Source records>

────────────────

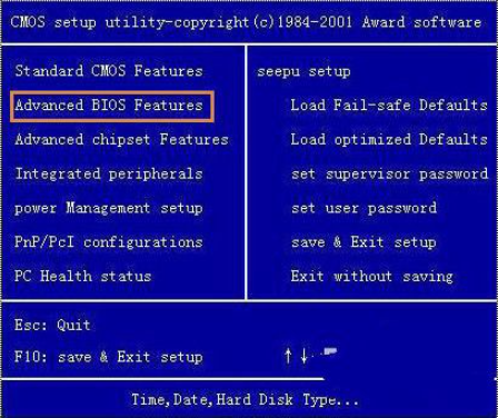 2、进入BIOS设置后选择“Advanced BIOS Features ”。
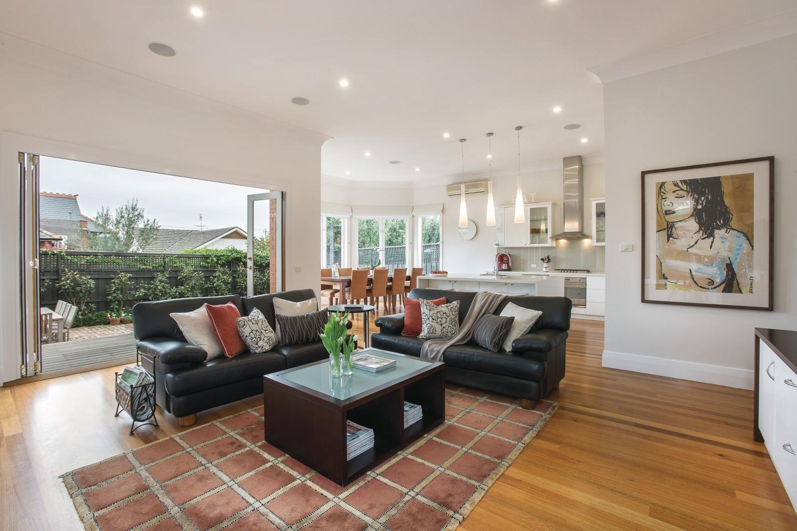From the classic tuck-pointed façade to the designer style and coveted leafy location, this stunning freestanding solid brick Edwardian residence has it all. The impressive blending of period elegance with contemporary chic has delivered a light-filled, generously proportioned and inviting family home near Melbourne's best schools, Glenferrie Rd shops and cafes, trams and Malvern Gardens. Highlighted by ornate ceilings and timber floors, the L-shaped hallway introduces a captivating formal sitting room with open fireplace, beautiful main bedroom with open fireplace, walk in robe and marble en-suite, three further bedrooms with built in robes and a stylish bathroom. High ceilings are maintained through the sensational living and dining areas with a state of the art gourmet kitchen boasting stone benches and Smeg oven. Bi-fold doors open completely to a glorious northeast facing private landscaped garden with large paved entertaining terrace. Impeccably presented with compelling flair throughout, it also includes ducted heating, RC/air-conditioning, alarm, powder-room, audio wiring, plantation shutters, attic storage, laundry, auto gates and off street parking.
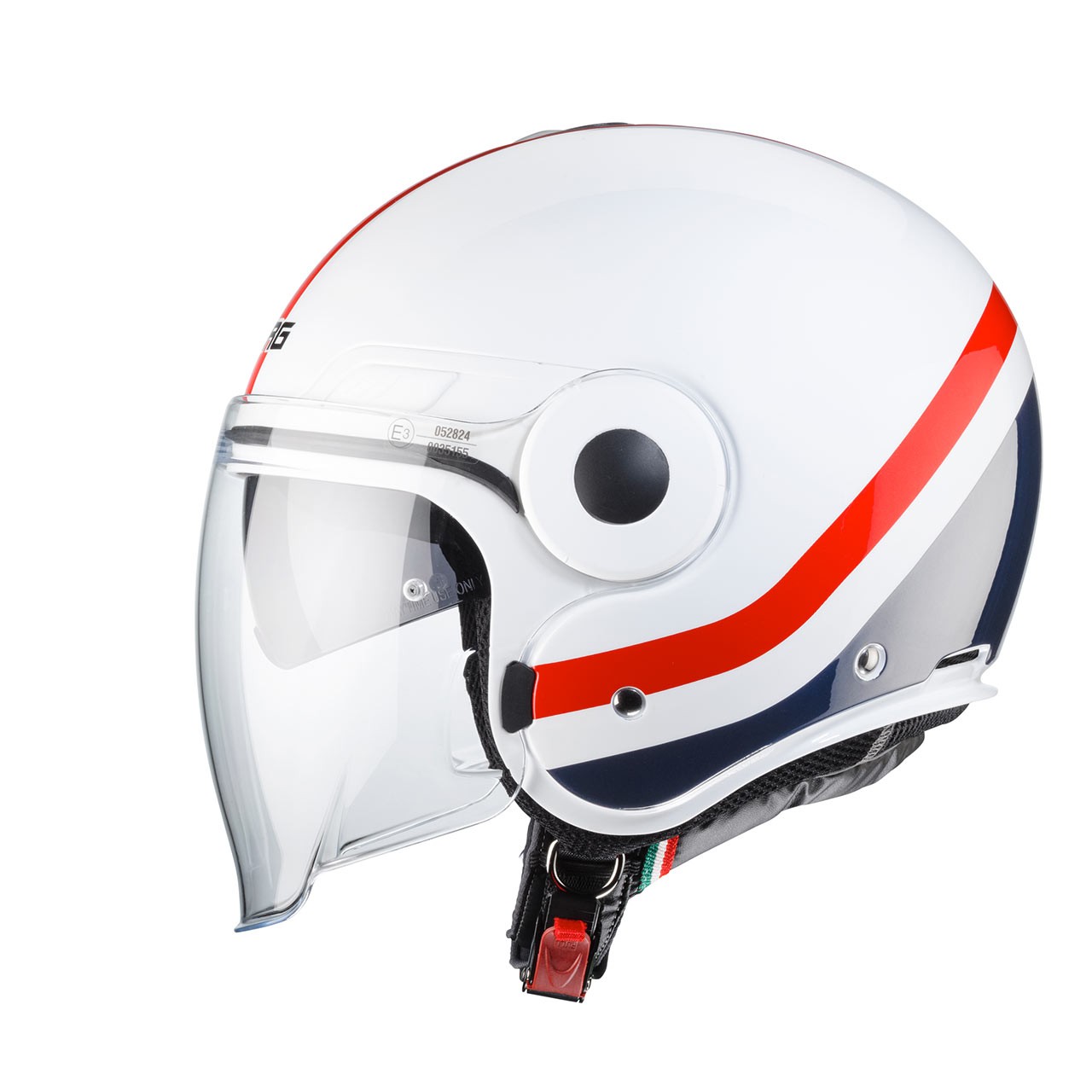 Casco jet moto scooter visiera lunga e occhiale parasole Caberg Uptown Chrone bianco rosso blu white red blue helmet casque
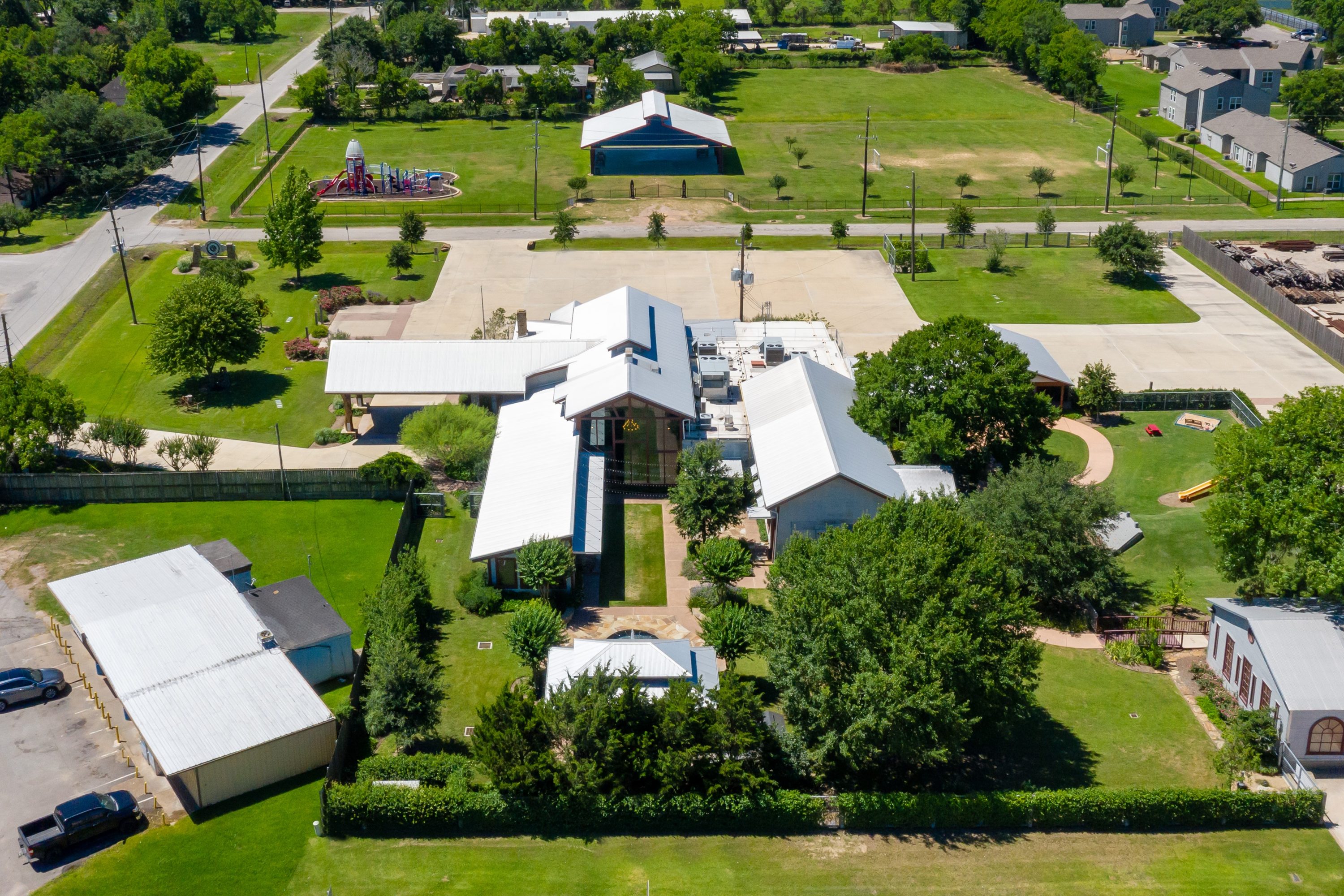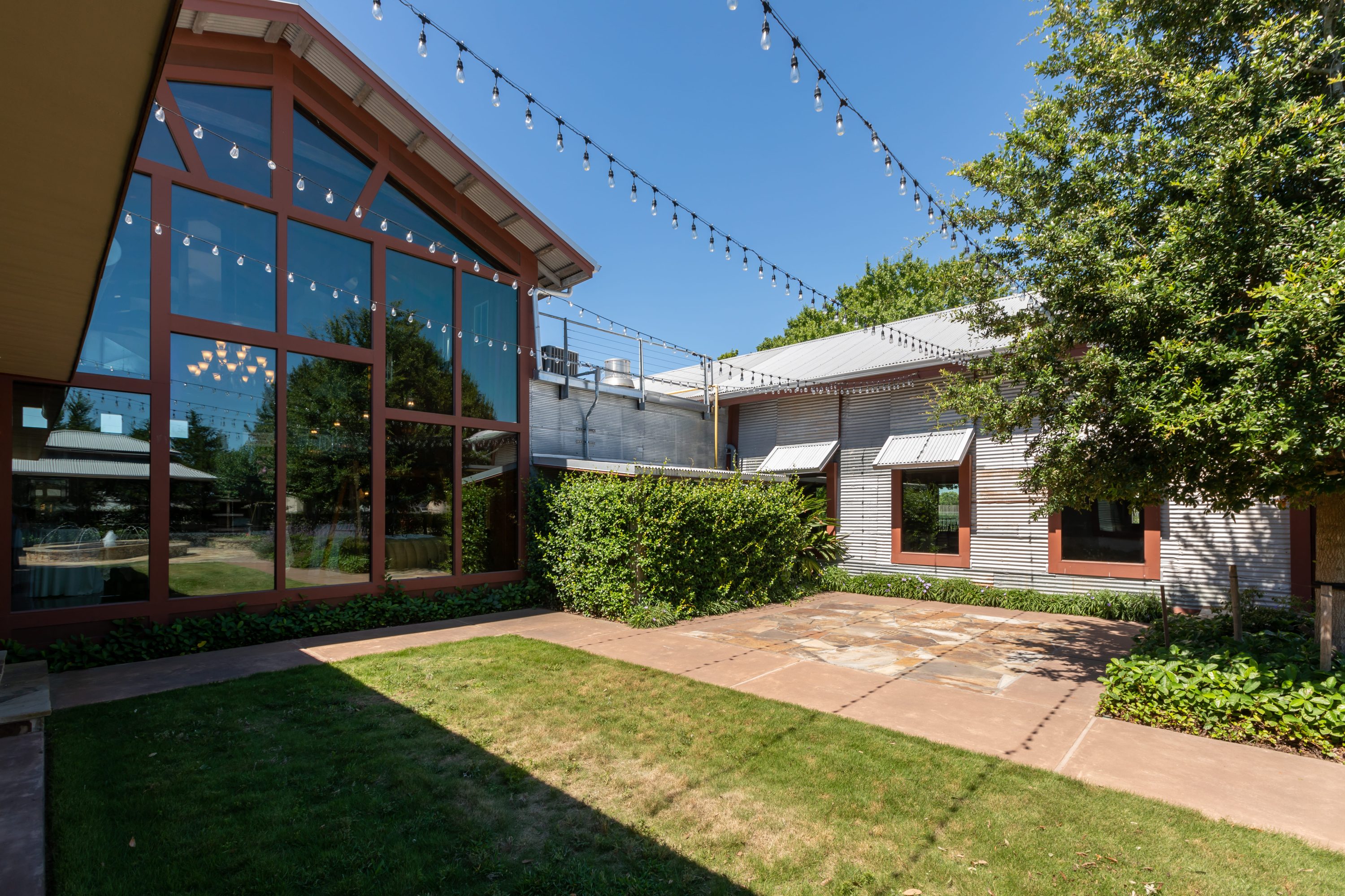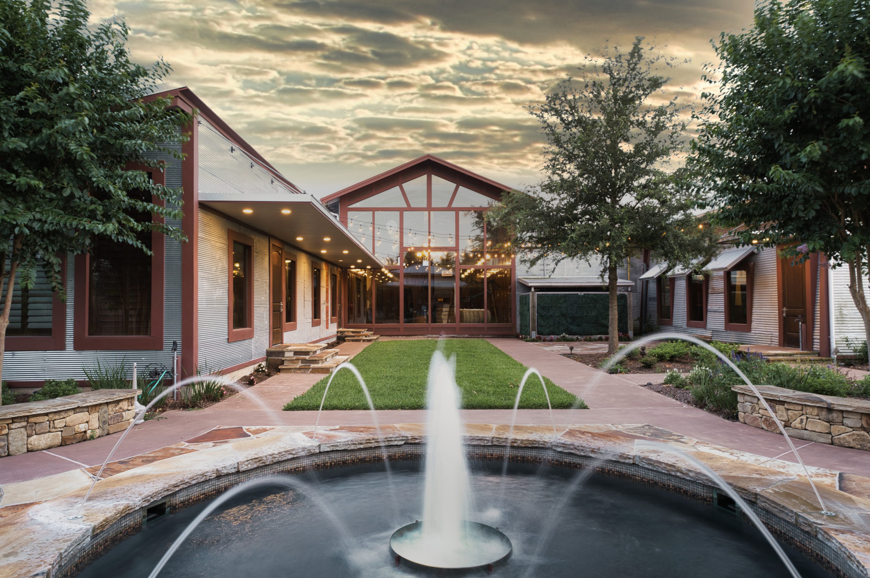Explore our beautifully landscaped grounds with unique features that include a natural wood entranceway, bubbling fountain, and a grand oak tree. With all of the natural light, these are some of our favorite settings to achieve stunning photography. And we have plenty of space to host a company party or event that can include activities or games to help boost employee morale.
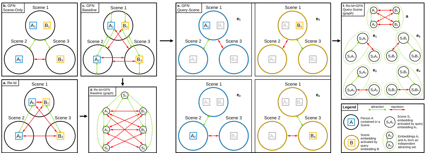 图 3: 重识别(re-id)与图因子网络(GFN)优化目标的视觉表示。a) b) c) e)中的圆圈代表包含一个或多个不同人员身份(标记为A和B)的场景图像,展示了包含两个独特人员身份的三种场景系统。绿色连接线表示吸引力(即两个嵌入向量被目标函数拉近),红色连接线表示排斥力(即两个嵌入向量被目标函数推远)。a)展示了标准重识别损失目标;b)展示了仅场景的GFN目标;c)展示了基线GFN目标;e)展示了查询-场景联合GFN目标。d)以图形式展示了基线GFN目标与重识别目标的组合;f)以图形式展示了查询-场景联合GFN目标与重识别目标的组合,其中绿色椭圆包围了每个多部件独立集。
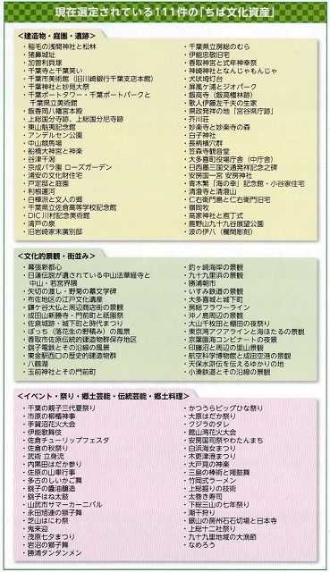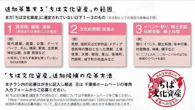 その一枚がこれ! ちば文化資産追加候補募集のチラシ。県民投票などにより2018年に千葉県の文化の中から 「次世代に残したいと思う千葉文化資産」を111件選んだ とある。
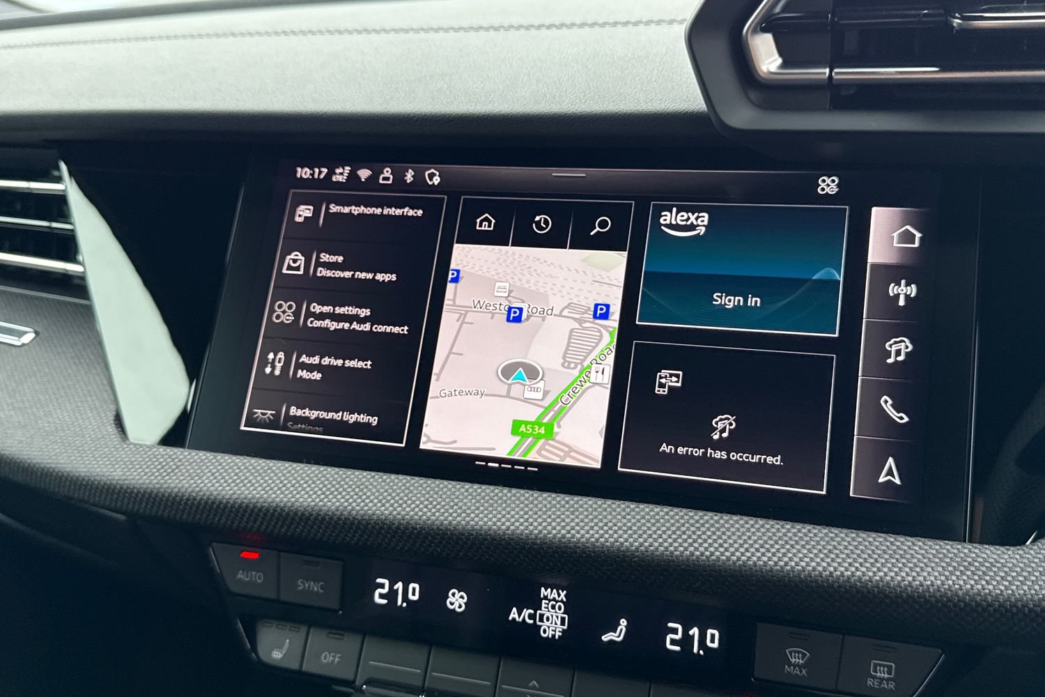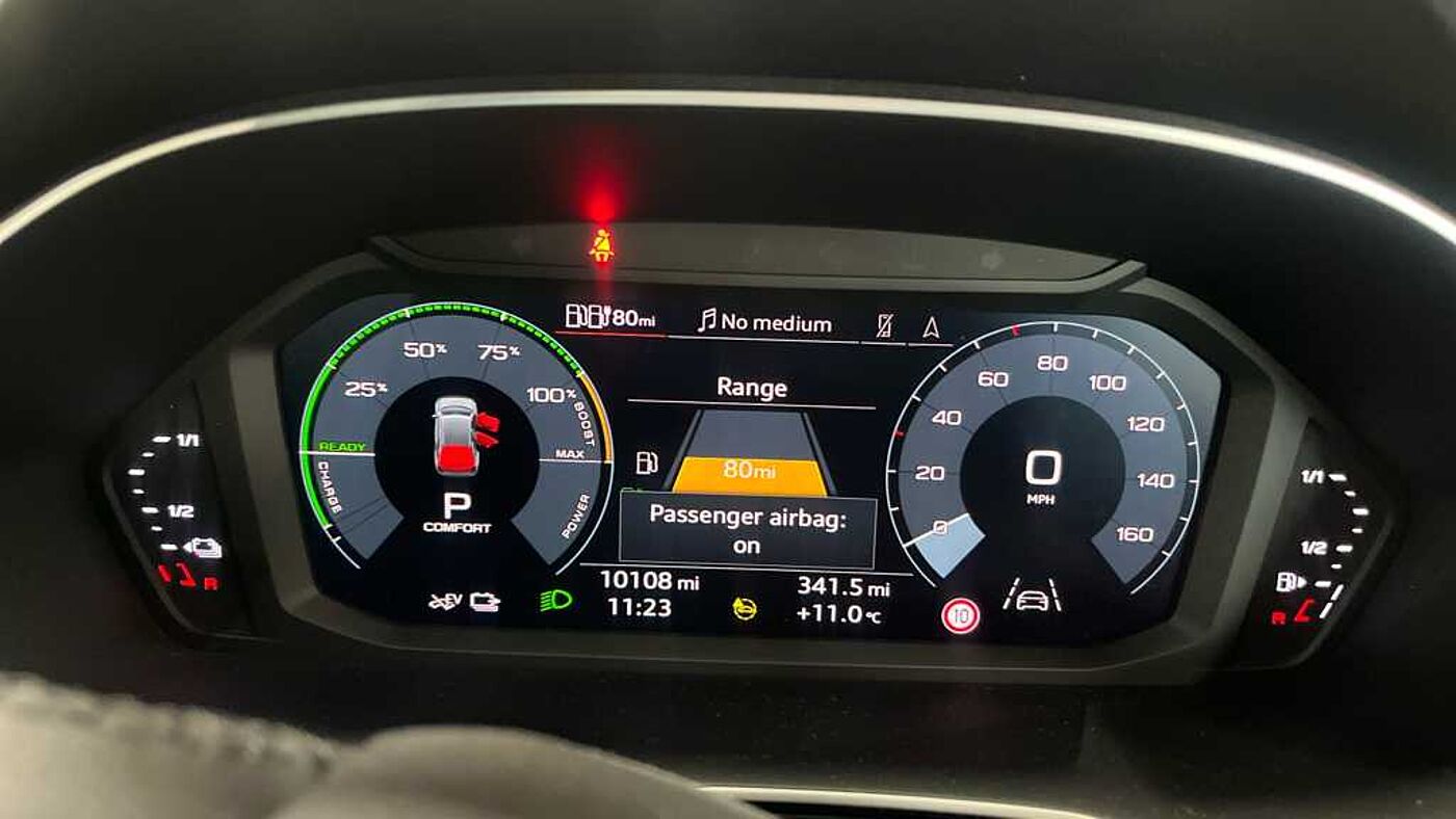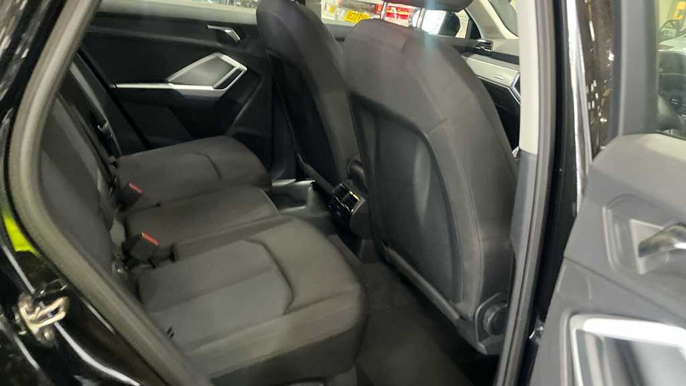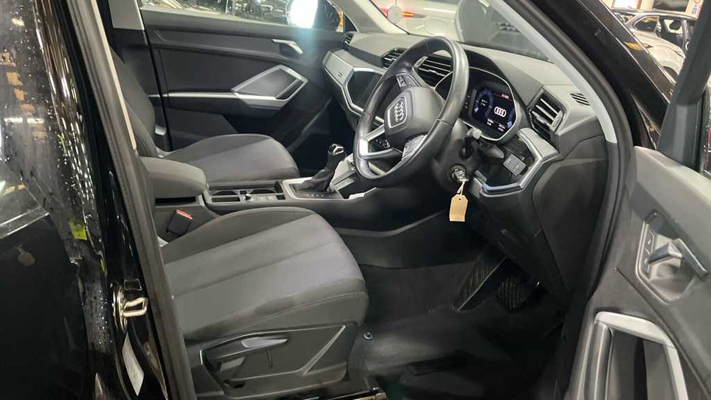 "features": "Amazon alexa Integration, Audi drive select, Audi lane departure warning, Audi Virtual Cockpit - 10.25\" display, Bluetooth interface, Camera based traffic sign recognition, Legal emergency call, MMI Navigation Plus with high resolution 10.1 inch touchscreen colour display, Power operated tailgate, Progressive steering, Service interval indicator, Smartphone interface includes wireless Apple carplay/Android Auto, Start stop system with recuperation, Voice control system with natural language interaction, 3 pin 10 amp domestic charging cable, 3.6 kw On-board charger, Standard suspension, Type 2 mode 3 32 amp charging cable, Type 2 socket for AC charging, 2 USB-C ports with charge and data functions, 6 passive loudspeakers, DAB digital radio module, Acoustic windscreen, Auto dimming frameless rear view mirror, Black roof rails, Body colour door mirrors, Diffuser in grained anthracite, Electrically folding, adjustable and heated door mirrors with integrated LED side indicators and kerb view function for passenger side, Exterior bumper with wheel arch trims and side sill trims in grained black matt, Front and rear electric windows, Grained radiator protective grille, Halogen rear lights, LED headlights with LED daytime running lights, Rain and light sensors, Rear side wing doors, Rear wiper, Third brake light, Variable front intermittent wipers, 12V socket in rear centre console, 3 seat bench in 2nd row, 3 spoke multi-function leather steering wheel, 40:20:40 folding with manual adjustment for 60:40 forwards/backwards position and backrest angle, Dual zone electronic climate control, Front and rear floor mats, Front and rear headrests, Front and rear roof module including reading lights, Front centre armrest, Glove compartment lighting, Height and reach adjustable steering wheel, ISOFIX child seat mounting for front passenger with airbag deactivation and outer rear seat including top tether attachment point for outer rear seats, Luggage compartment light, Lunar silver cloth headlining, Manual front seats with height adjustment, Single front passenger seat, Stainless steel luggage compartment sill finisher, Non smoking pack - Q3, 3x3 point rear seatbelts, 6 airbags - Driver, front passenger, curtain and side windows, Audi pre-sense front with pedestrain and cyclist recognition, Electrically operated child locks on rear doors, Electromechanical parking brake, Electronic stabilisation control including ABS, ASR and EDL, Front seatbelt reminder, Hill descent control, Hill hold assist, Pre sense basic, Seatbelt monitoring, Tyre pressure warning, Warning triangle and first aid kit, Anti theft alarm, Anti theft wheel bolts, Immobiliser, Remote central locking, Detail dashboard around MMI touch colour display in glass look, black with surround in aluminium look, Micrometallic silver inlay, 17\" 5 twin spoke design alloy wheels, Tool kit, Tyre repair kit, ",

────────────────

Give again, word for word, every line from the top of the data above to the line holding "Casco jet moto", inclusive, with the pictures left out.

 2、进入BIOS设置后选择“Advanced BIOS Features ”。
From the classic tuck-pointed façade to the designer style and coveted leafy location, this stunning freestanding solid brick Edwardian residence has it all. The impressive blending of period elegance with contemporary chic has delivered a light-filled, generously proportioned and inviting family home near Melbourne's best schools, Glenferrie Rd shops and cafes, trams and Malvern Gardens. Highlighted by ornate ceilings and timber floors, the L-shaped hallway introduces a captivating formal sitting room with open fireplace, beautiful main bedroom with open fireplace, walk in robe and marble en-suite, three further bedrooms with built in robes and a stylish bathroom. High ceilings are maintained through the sensational living and dining areas with a state of the art gourmet kitchen boasting stone benches and Smeg oven. Bi-fold doors open completely to a glorious northeast facing private landscaped garden with large paved entertaining terrace. Impeccably presented with compelling flair throughout, it also includes ducted heating, RC/air-conditioning, alarm, powder-room, audio wiring, plantation shutters, attic storage, laundry, auto gates and off street parking.
 Casco jet moto scooter visiera lunga e occhiale parasole Caberg Uptown Chrone bianco rosso blu white red blue helmet casque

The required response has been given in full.